Department of Physics and Optical Sciences, University of North Carolina, Charlotte, NC, United States; Center for Biomedical Engineering and Science, University of North Carolina, Charlotte, NC, United States.
Department of Physics, Kazan Federal University, Kazan, Russia.
Prog Mol Biol Transl Sci. 2019;166:85-108. doi: 10.1016/bs.pmbts.2019.05.004. Epub 2019 Jun 8.

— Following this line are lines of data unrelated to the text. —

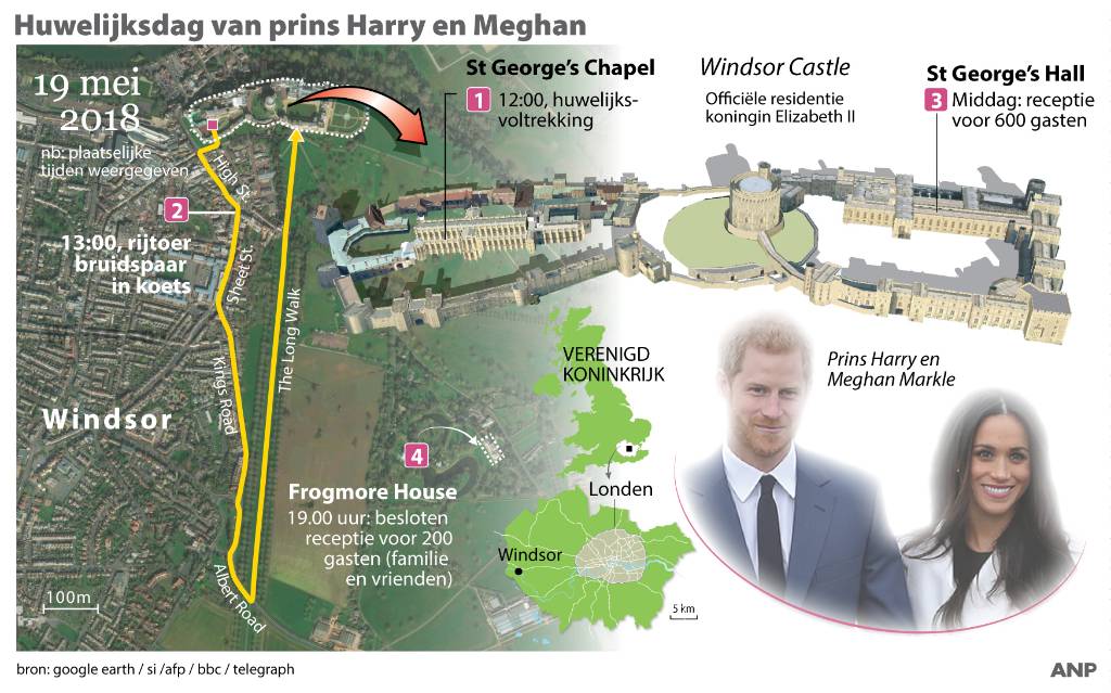 Bij de bruiloft zijn nauwelijks buitenlandse royals. Harry is ‘maar’ zesde in lijn van troonopvolging, in tegenstelling tot de trouwerij van zijn broer William is de bruiloft zaterdag geen staatsaangelegenheid. Bovendien is St George’s Chapel niet zo groot.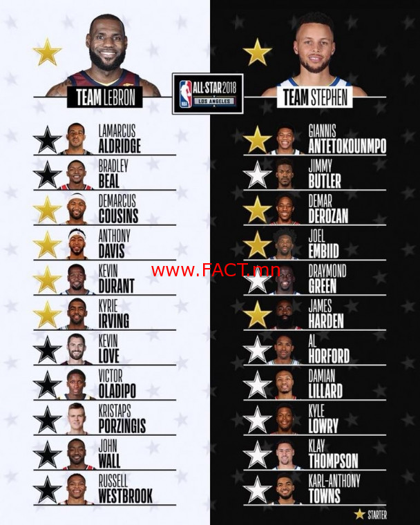 NBA-гийн Бүх оддын тоглолтын формат өөрчлөгдөж, хамгийн өндөр санал авсан хоёр тоглогч багийн ахлагч болдог болсон билээ. Мөн ахлагчаар сонгогдсон тоглогч өөрийн сонголтоор багаа бүрдүүлэх болсон юм. ЛеБрон Жэймс болон Стефен Керри нар өчигдөр өөрийн багтаа сонголтоо хийлээ.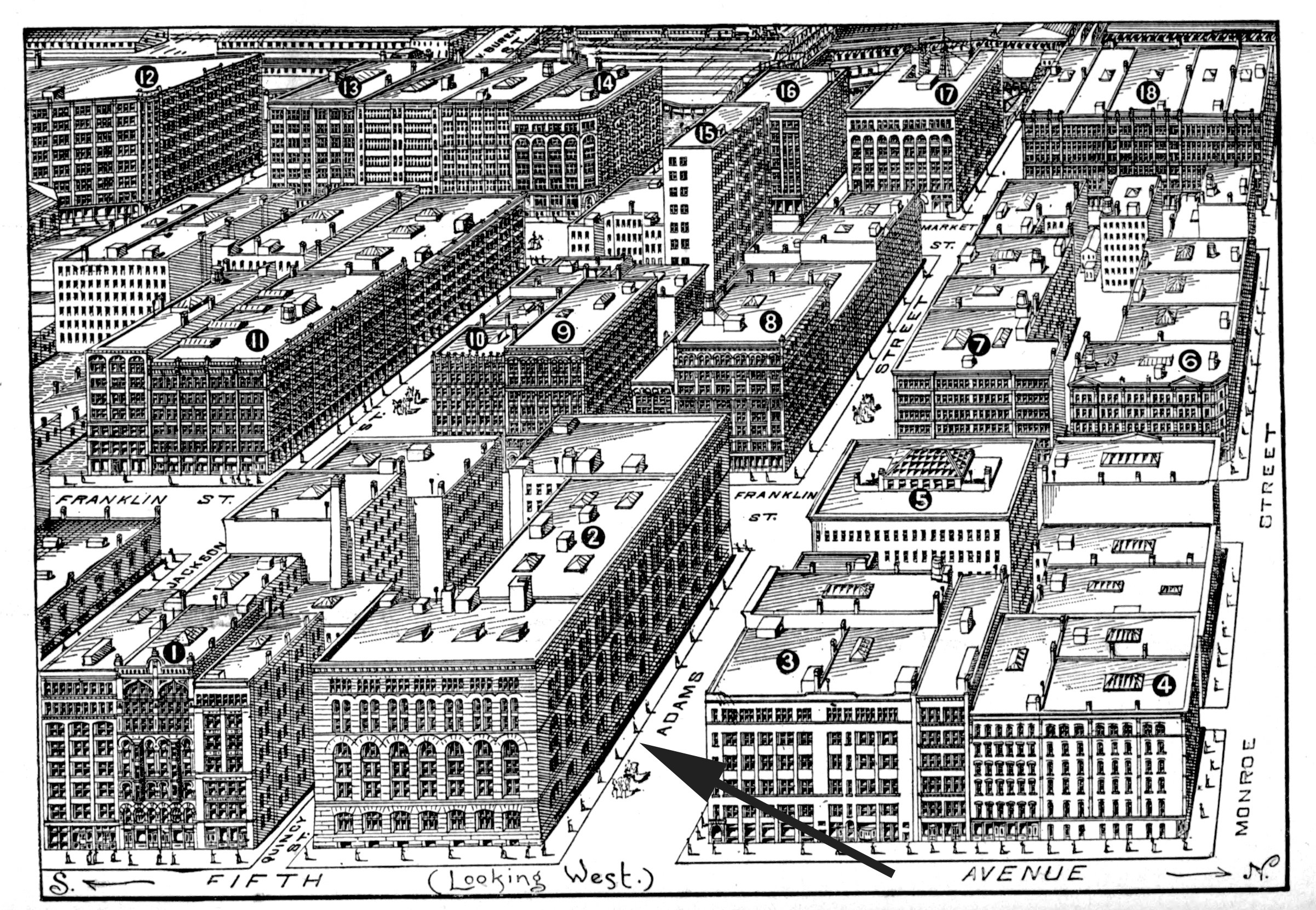 It was learned yesterday from a contractor who is in a position to know that in about two weeks from date work will begin on one of the largest and finest buildings of the kind that have ever been planned in this city or in any other in the country. It is the intention of Marshall Field to put up a ten-story fire-proof warehouse which shall cover the whole of the block owned by him bounded by Adams, Quincy, Fifth avenue, and Franklin. This is a small block as compared with most of those of the South Side, but it is so large that the building which shall cover the whole of it will be an enormous one. None other, indeed, would do for a wholesale trade of such dimensions as that of Field’s. It is understood that the reason why the present one is to be abandoned is not only because there is not room enough there, but also because the ground does not belong to Mr. Field. It is made up of many lots which were leased by Field & Leiter when they built there after the fire, and the lease will expire in about three and a half years. Part of the ground—the larger part—is owned by L. C. P. Freer, some belongs to the estate of Dr. Foster, and part of it to the Peacock estate. It may not be easy to get a new lease on satisfactory terms, and then, too, there is not ground enough. Besides which; the corner of Madison and Market might pay better were it used for something beside a wholesale store. The plans for the immense warehouse have, it is understood, been prepared by S. S. Beaman, and it is the certainty that the work of excavating will begin so soon which has put the contractors on the alert.
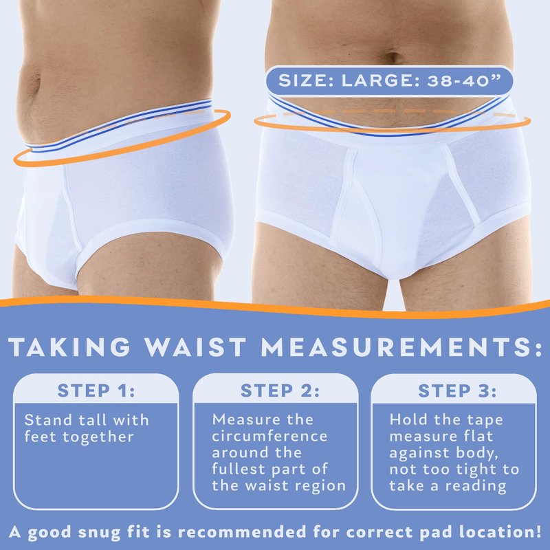 - BE YOURSELF AGAIN: Comfortable and breathable brief with discreet absorbent sewn in pad with Functioning Fly. Model #M100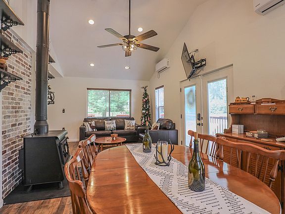 A Mountain Dream Home, complete remodel with high grade waterproof laminate wood flooring, tile flooring in bathrooms. Ceiling fans, special Prime air and heat remote control in all bedrooms. TV's in every room. Kitchen with granite counter tops and upgraded appliances. All new stucco on the outside for no maintenance. Move in ready as most furnishings will convey with acceptable offer. Make this your home. Property includes 3.4 acres of unrestricted land with barn, stalls and pipe horse fence. Sit on the large deck and enjoy views of forest and wildlife. Don't miss out on this one of a kind property.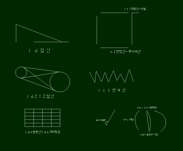 연장선n, 접선 ld/ld2, 연속선 lc, 등분선ldq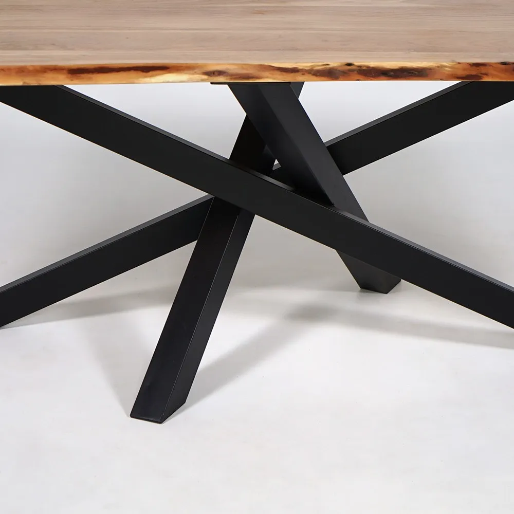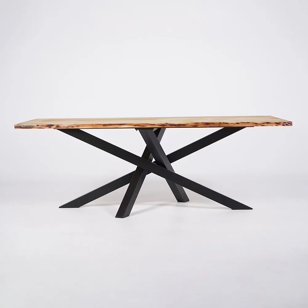 Table de salle à manger en bois massif à pied mikado en métal et bords naturels 200 cm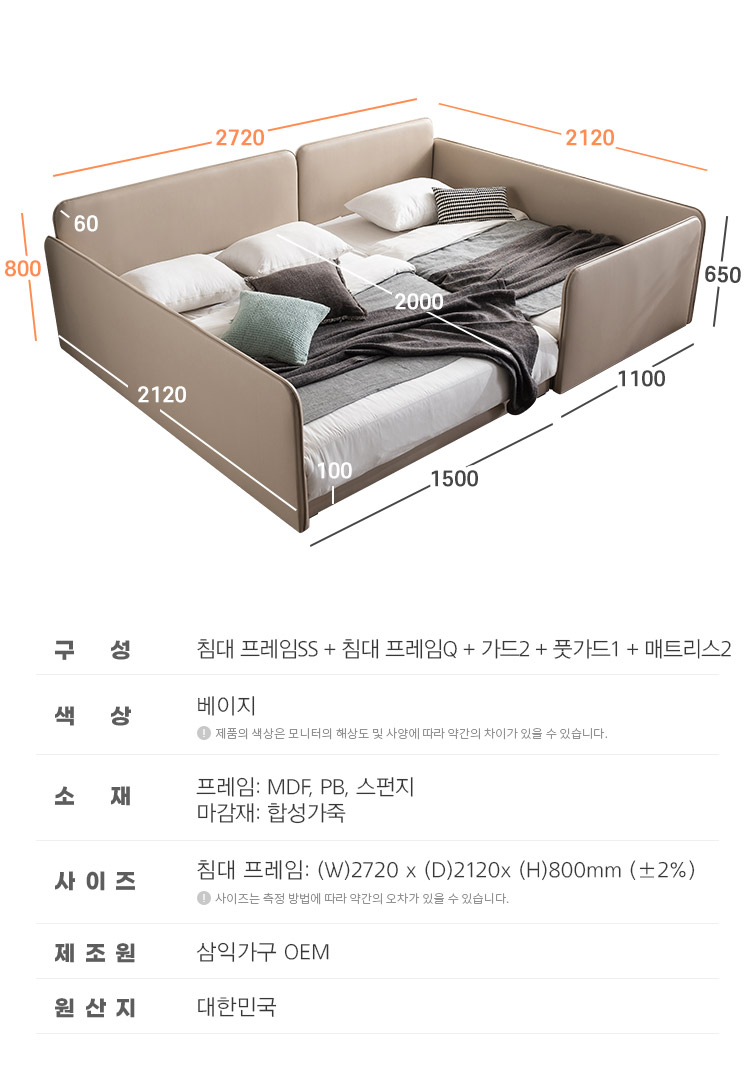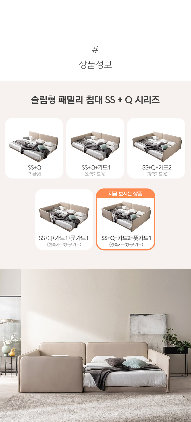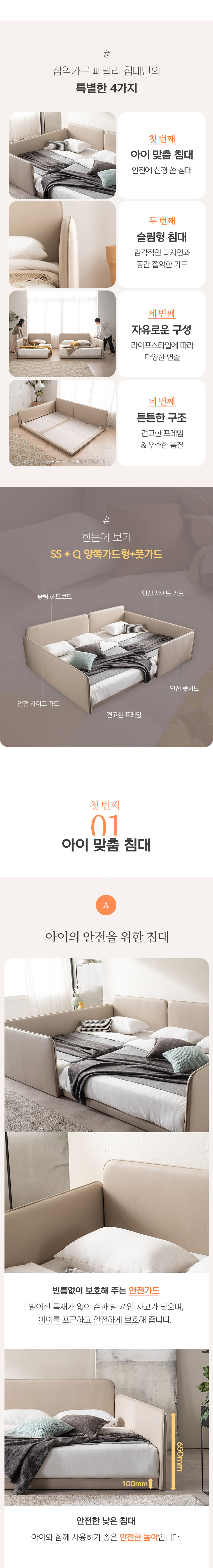 삼익가구 루시 슬림형 저상형 패밀리 침대 SS+Q(7존 독립 매트리스)+가드2+풋가드1

Translational (or self-diffusion) coefficient in dilute solution is inversely proportional to the size of a diffusing molecule, and hence self-diffusion coefficient measurements have been applied to determine the effective hydrodynamic radii for a range of native and nonnative protein conformations. In particular, translational diffusion coefficient measurements are useful to estimate the hydrodynamic radius of natively (or intrinsically) disordered proteins in solution, and, thereby, probe the compactness of a protein as well as its change when environmental parameters such as temperature, solution pH, or protein concentration are varied. The situation becomes more complicated in concentrated solutions. In this review, we discuss the translational diffusion of disordered proteins in dilute and crowded solutions, focusing primarily on the information provided by pulsed-field gradient NMR technique, and draw analogies to well-structured globular proteins and synthetic polymers.
在稀溶液中,扩散分子的尺寸与平移(或自扩散)系数成反比,因此自扩散系数的测量已被应用于确定一系列天然和非天然蛋白质构象的有效流体力学半径。特别是,平移扩散系数的测量有助于估计溶液中天然(或固有)无规卷曲蛋白质的流体力学半径,从而可以探测蛋白质的紧凑性及其在环境参数(如温度、溶液 pH 值或蛋白质浓度)变化时的变化。在高浓度溶液中,情况变得更加复杂。在这篇综述中,我们讨论了无序蛋白质在稀溶液和拥挤溶液中的平移扩散,主要关注脉冲梯度 NMR 技术提供的信息,并与结构良好的球状蛋白质和合成聚合物进行类比。